Friday 27 April 2007

Home Equity Loans

A home equity loan is a secured loan that uses your equity in your home as collateral. Home equity loans can be obtained at competitive interest rates and with flexible repayment terms. Many lenders are even willing to extend home equity loans to those with damaged credit; due to the fact these types of loans are less risky for the lender.
While your local bank may offer home equity loans, in many cases it is wise to look elsewhere for a home equity loan. Seek out companies that are dedicated solely to providing loans. By doing so, you increase your chances of getting better rates and better terms.Shop around, not only for different types of lenders, but also for different types of loans. Take a look at loans with both fixed and variable interest rates. In most cases, a fixed rate loan is best, saving you from being at the mercy of fluctuating interest rates. However, there is no harm in looking at variable interest rate loans as well, just in case you find a variable interest rate loan that fits your particular needs better than a comparable fixed-rate loan.

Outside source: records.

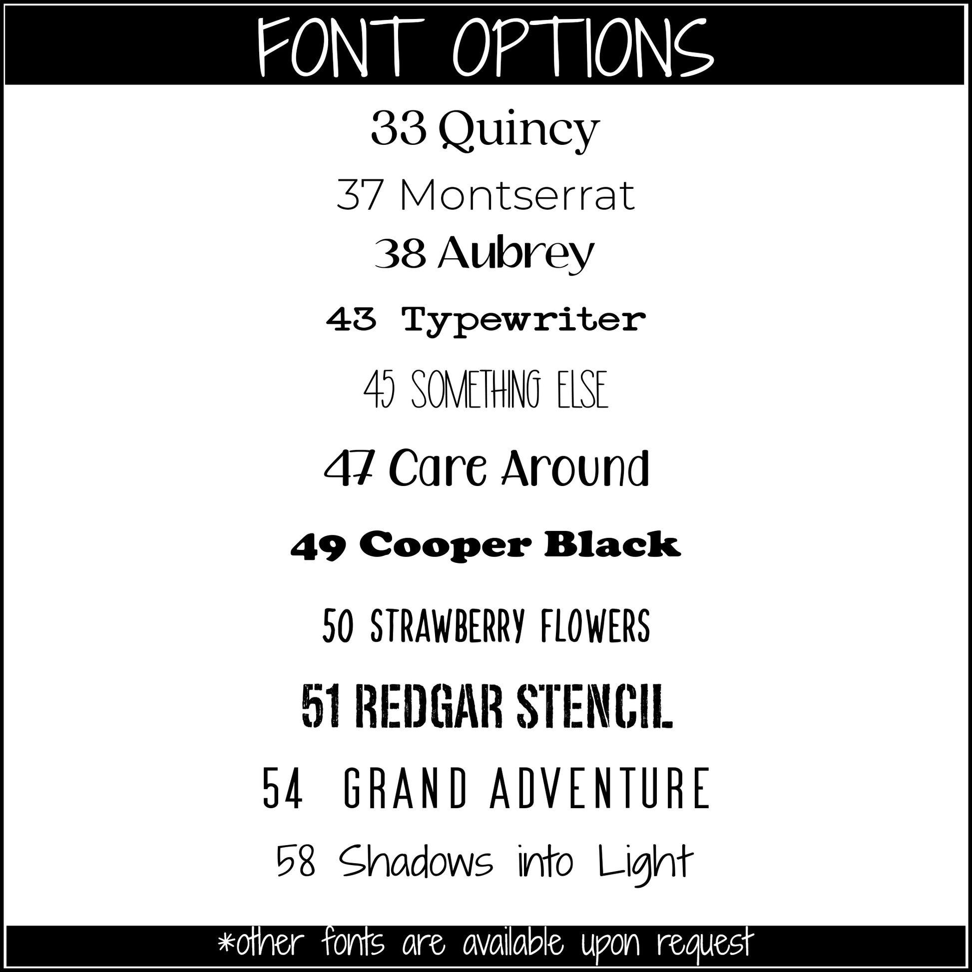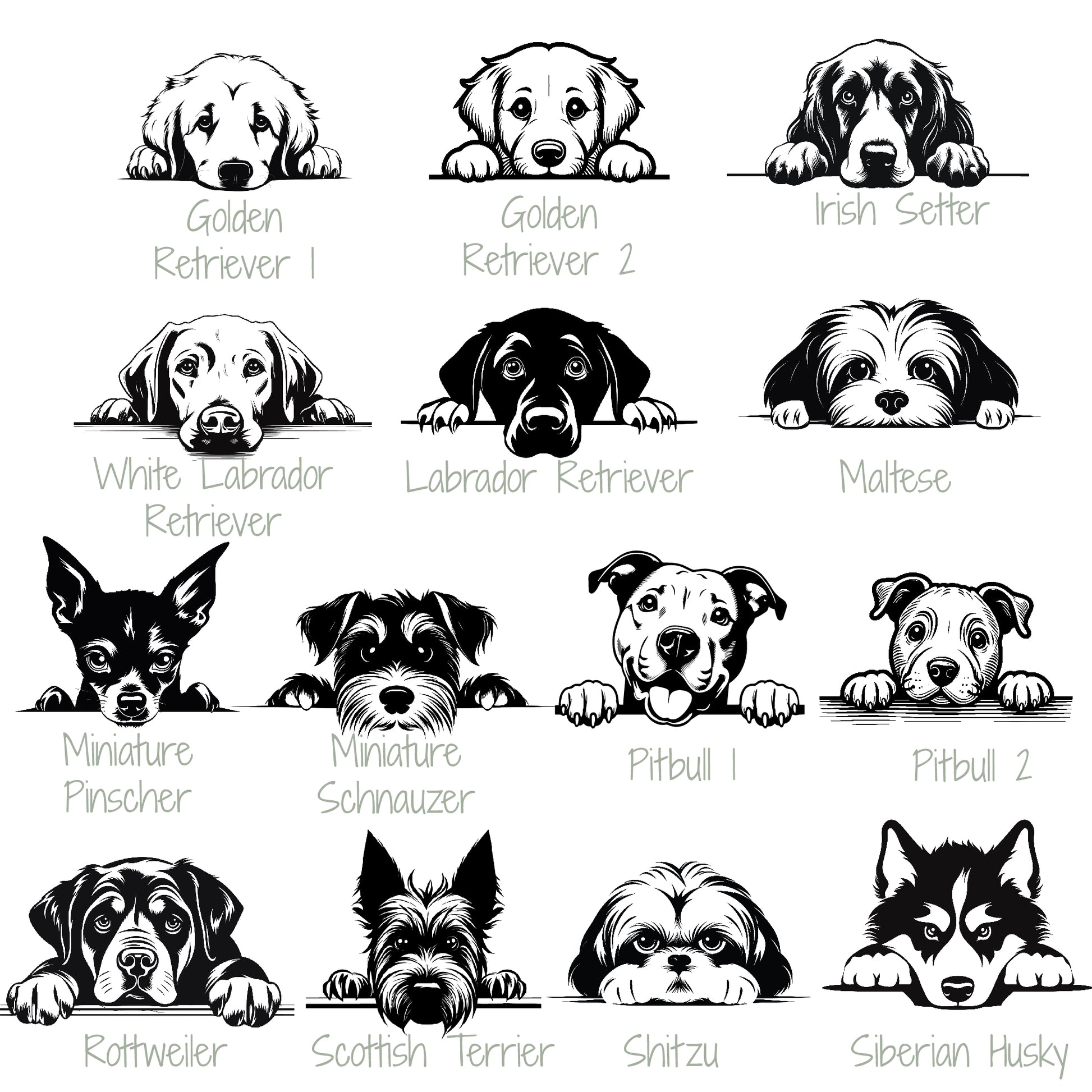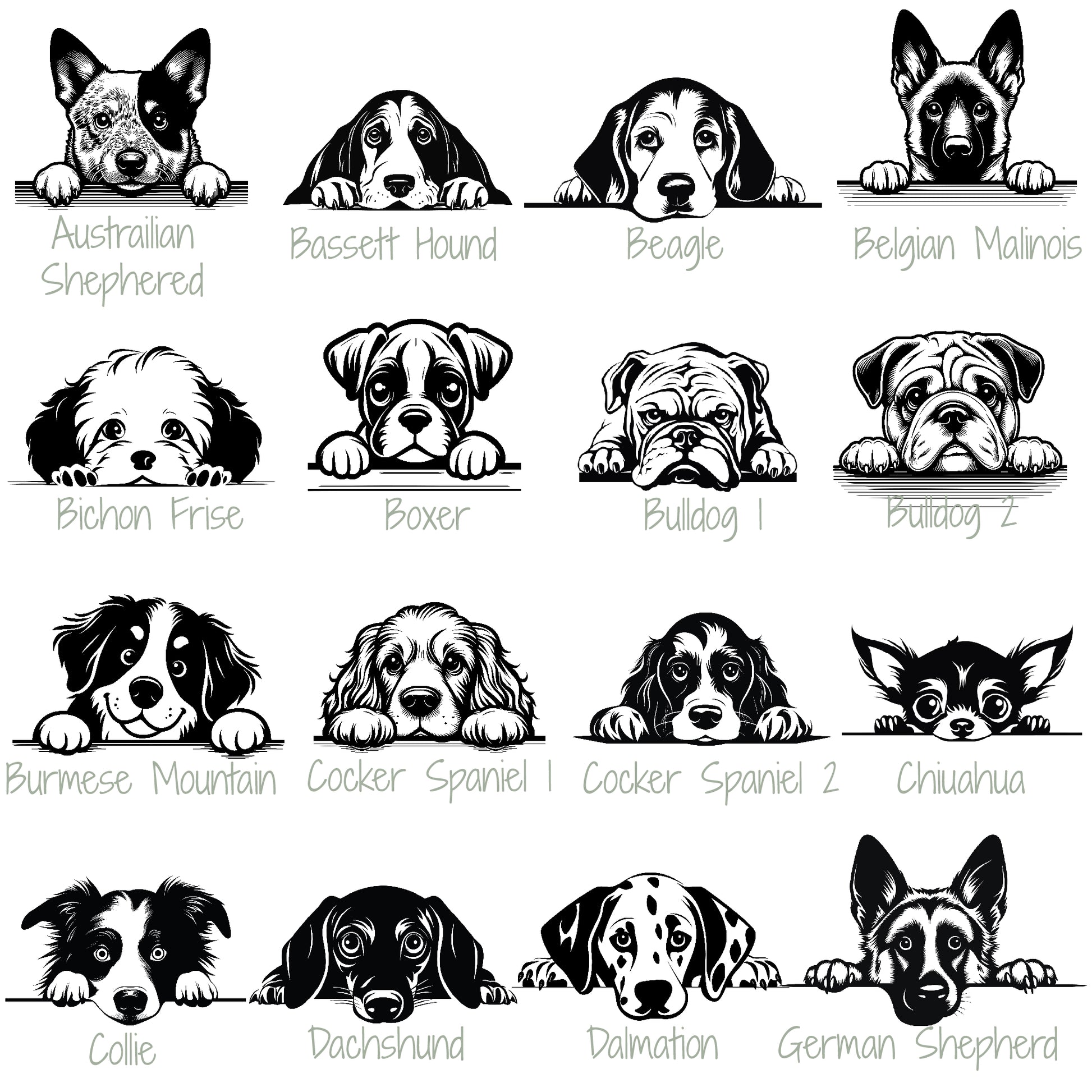 *Additional breeds and fonts are available. Just let us know what you're looking for!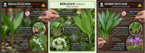 Das ist der Punkt, an dem ihr besonders achtsam sein müsst. Bärlauch hat zwei gefährliche Doppelgänger: das Maiglöckchen und die Herbstzeitlose. Beide sind hochgiftig.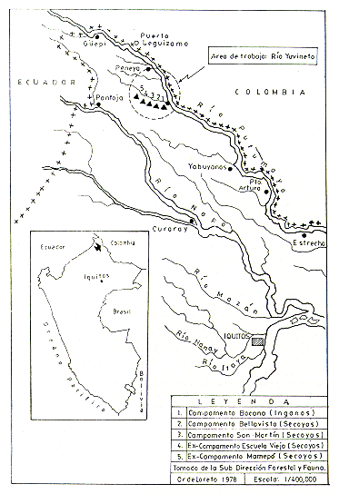 Los objetivos originales de la investigación incluían la obtención de información sobre ubicación de poblaciones, preferencias de hábitat, dieta, y sinecología en relación al huapo colorado. Además, se pretendía realizar una indagación de la factibilidad de un estudio sostenido en el medio natural. El plan original fue recorrer los principales afluentes de la margen oriental del Río Ucayali entre Requena y Pucallpa. Sin embargo, por falta de tiempo y facilidades logísticas, las actividades fueron restringidas al Río Tapiche y sus afluentes el Río Blanco y Quebrada Yanayacu (Fig. D, que cubren un área de aproximadamente el tamaño de Maryland.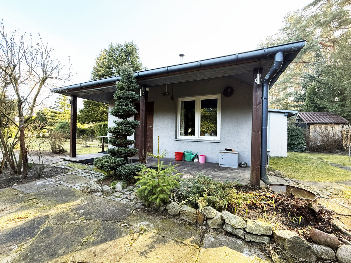 Na działce znajduje się parterowy, murowany letniskowy dom o powierzchni około 30 m2 składający się z aneksu kuchennego połączonego z salonem oraz łazienki.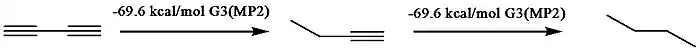 La conjugación del 1,3-butadieno fue evaluado primero por Kistinkowsky, se encontró una contribución conjugativa de 3.5 kcal/mol basándose en la comparación energética de la hidrogenación entre las especies conjugadas y los análogos no conjugados.[8] Rogers et al., quienes usaron el método aplicado por primera vez por Kistiakowsky, reportaron que la estabilización por conjugación del 1,3-butadiino era cero, puesto que la diferencia de ΔhidH entre la primera y segunda hidrogenación era cero. Los calores de hidrogenación (ΔhidH) fueron obtenidos por el método de química cuántica computacional MP2.[9]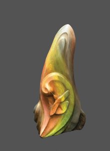 Equally satisfying is the fact that Stajcar left the larger end of the sculpture polished but otherwise unfinished. “When I’m working in wood or stone, I do try to leave a little bit of the material in its original form, just to show you where it came from,” she says.
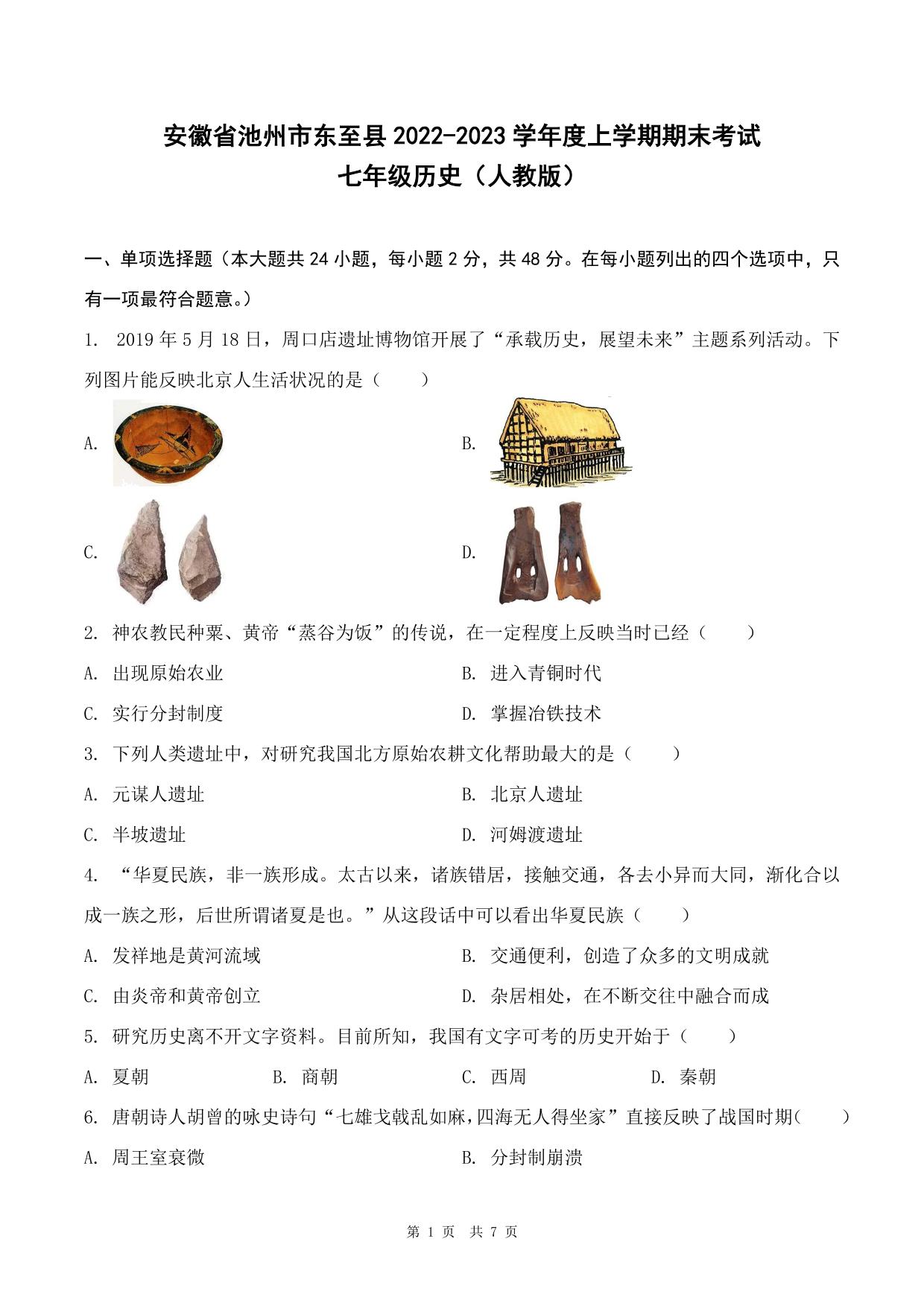 安徽省池州市东至县2022-2023学年度上学期期末考试七年级历史(人教版)

Don't bite off more than you can chew. There may be a temptation to take out a loan in a larger than necessary amount. Though you may be able to think of many things you could do with the extra money, you have to keep in mind that you are required to repay the money you borrow. Borrowing a huge amount may make it difficult for you to repay your loan and may lead to you losing your home and severely damaging your credit. Instead, go for a loan in an amount you can repay without a struggle.